D.R. Horton Says Loss Narrowed on Lower Writedowns
An "available" sign stands outside a newly constructed D.R. Horton Inc. single family home. Photographer: Matthew Staver/Bloomberg

Nov. 12 (Bloomberg) -- D.R. Horton Inc., the second-largest U.S. homebuilder by revenue, expects 2011 to be “challenging” for the industry as consumer confidence and employment remain weak, Chief Executive Officer Donald Tomnitz said.

The company’s home sales and closing volume probably will fall from this year, Tomnitz said on an earnings conference call today. The spring selling season, the strongest for builders, may fail to bring the traditional boost in demand, he said.

“To be quite candid, I don’t see much on the horizon that would give anybody a great degree of comfort on the financial condition of the country,” Tomnitz said. “I just don’t see a lot of hope for a great spring market.”

D.R. Horton, based in Fort Worth, Texas, fell 5.4 percent to $11.51 at 4:04 p.m. in New York Stock Exchange composite trading, the biggest drop in three months. The stock led declines in the 12-company Standard & Poor’s Supercomposite Homebuilding Index, which lost 3 percent.

U.S. homebuilders are struggling to boost sales amid weak consumer confidence, competition from low-priced foreclosed properties and unemployment near a 26-year high. New-home sales in September were at an annual rate of 307,000, close to the record low 282,000 reached in May after the expiration of a tax credit for homebuyers, according to the Commerce Department.

‘Very Weak’

“We expect another very challenging year for the homebuilding industry as the fundamental drivers of demand --the overall economy, job growth and consumer confidence -- are still very weak,” Tomnitz said. “In addition, we do not expect any stimulus in fiscal 2011 similar to the federal tax credits that were in effect last year.”

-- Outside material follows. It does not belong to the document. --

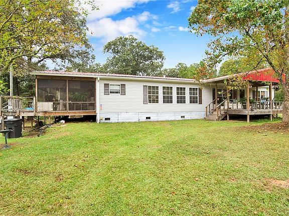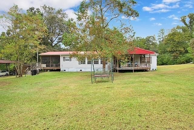 This 3-bedroom 2 bath double wide mobile home is situated on 9.3 acres and is 1680 square feet with 2 ponds. One pond sits on the left side of the property as you pull into the driveway and the other sits on the backside of the property. Enjoy fishing in either pond. The metal roof was installed around 2018 (per seller) . It has a propane tank in the back for the living room fireplace. The fenced in property has water spickets located throughout the property if you want to plant a garden or have livestock and a farm. This home also features a split bedroom plan with a centrally located kitchen with lots of windows looking out onto the front part of the property. Some updates include new paint, updated kitchen and some new flooring. There are 2 decks for outdoor entertaining. The side deck has an enclosed patio and a separate space for all your football parties. You will enjoy the privacy of this home because it sits way off the road. The expansive front porch over-looks the front acreage where you can sit and watch the guinea fowl, and their keets (babies) roam freely throughout the property. Make your appointment to see this home.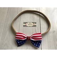 Baby Headband, 2.5" 4th of July Bow On Thin Nylon Headband, 4th of July Headband

D.R. Horton and other homebuilders may also be hurt next year by fewer first-time home buyers and “political talk shifting toward rental rather than homebuying subsidies,” Michael Widner, an analyst with Stifel Nicolaus & Co. in Baltimore, wrote in a note to investors today.

“We expect Horton to continue doing well within the segment, but we actually see the headwinds as tougher in 2011 than 2010,” wrote Widner, who rates D.R. Horton a “hold.”

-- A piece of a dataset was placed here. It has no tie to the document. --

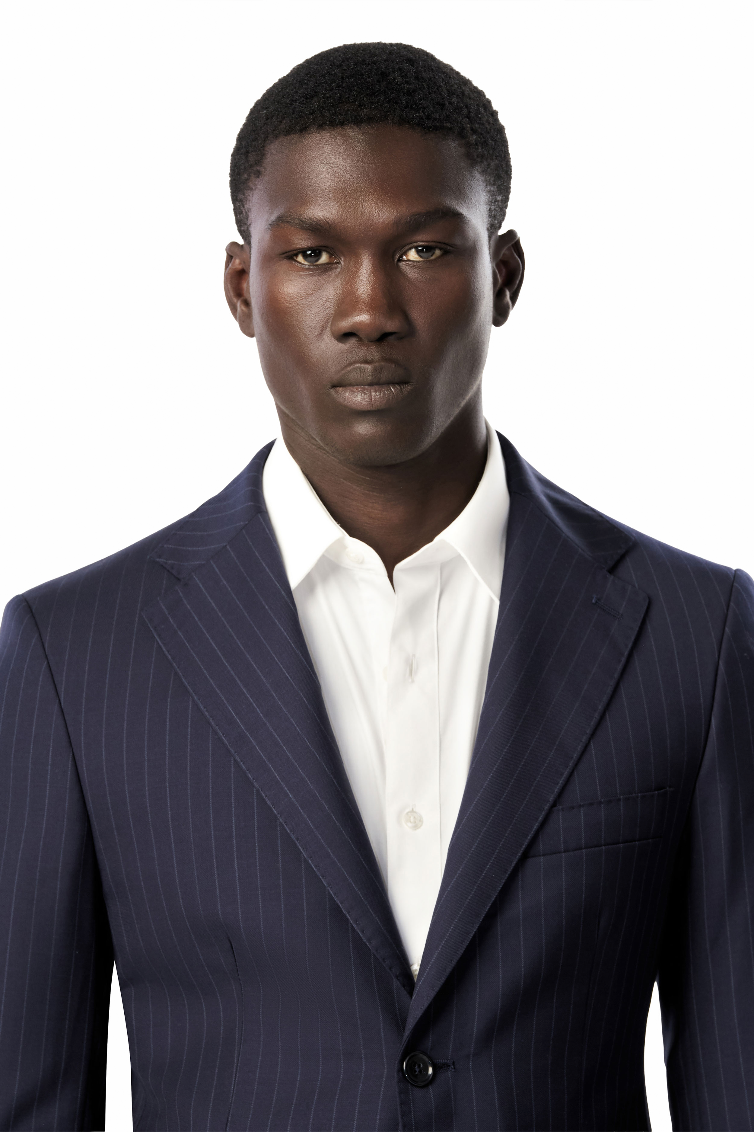 The Classic Navy Pinstripe suit from The Heritage Collection is a versatile masterpiece, perfect for weddings, corporate settings, or formal gatherings. For a timeless look, pair it with a crisp white dress shirt, a solid red or silver tie, and polished black oxfords. For a contemporary edge, try a light gray or pale blue shirt with a patterned tie to complement the suitβs refined pinstripes. This suit effortlessly adapts to your personal style, ensuring a sharp and sophisticated appearance.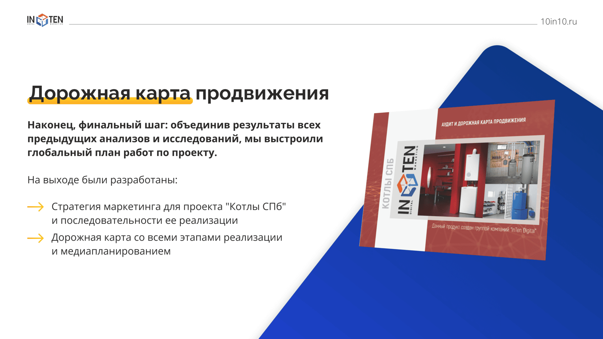 С момента постановки задачи клиентом стало понятно, что требуется комплексное продвижение. И начали мы, как всегда, с закладки прочного фундамента: провели маркетинговые исследования, углубленный конкурентный анализ с применением методики “тайного покупателя”. Кроме того, изучили, как и с помощью каких инструментов рекламируются конкуренты. Затем мы разработали маркетинговую стратегию и составили дорожную карту продвижения.

D.R. Horton’s orders in the fourth quarter ended Sept. 30 fell 21 percent from a year earlier to 3,979, the company said today in a statement reporting its results for the period. Closings dropped 11 percent to 4,281, while the cancellation rate rose to 31 percent from 27 percent.

Homebuilding revenue for the quarter declined to $925.7 million from $1.01 billion a year earlier.

Narrower Loss

The company’s net loss shrank to $8.9 million, or 3 cents a share, from $234.9 million, or 74 cents, a year earlier. The results included $30.8 million in pretax charges to cover inventory impairments and write-offs of deposits, compared with $192.6 million a year earlier.

Gross margin on home sales, a measure of profitability, rose to 17.3 percent. That was up 420 basis points, or 4.2 percentage points, from a year earlier as more homes were sold on lots purchased since 2009, when prices were cheaper.

For the year, D.R. Horton’s net income was $245.1 million, or 77 cents a share, compared with a loss of $549.8 million, or $1.73, in fiscal 2009. It was the first annual profit for the company since 2006.

D.R. Horton expects to stay profitable in fiscal 2011, Tomnitz said.

Margin ‘Pressure’

“It’s going to be a greater challenge than 2010,” he said. “We will not be surprised to see some pressure on margins in a downward fashion in the coming quarters.”

D.R. Horton plans to offer upgrades or free options to lure buyers rather than reduce the price of homes, Tomnitz said. The average price per home in the fourth quarter was $215,200, up 2 percent from a year earlier.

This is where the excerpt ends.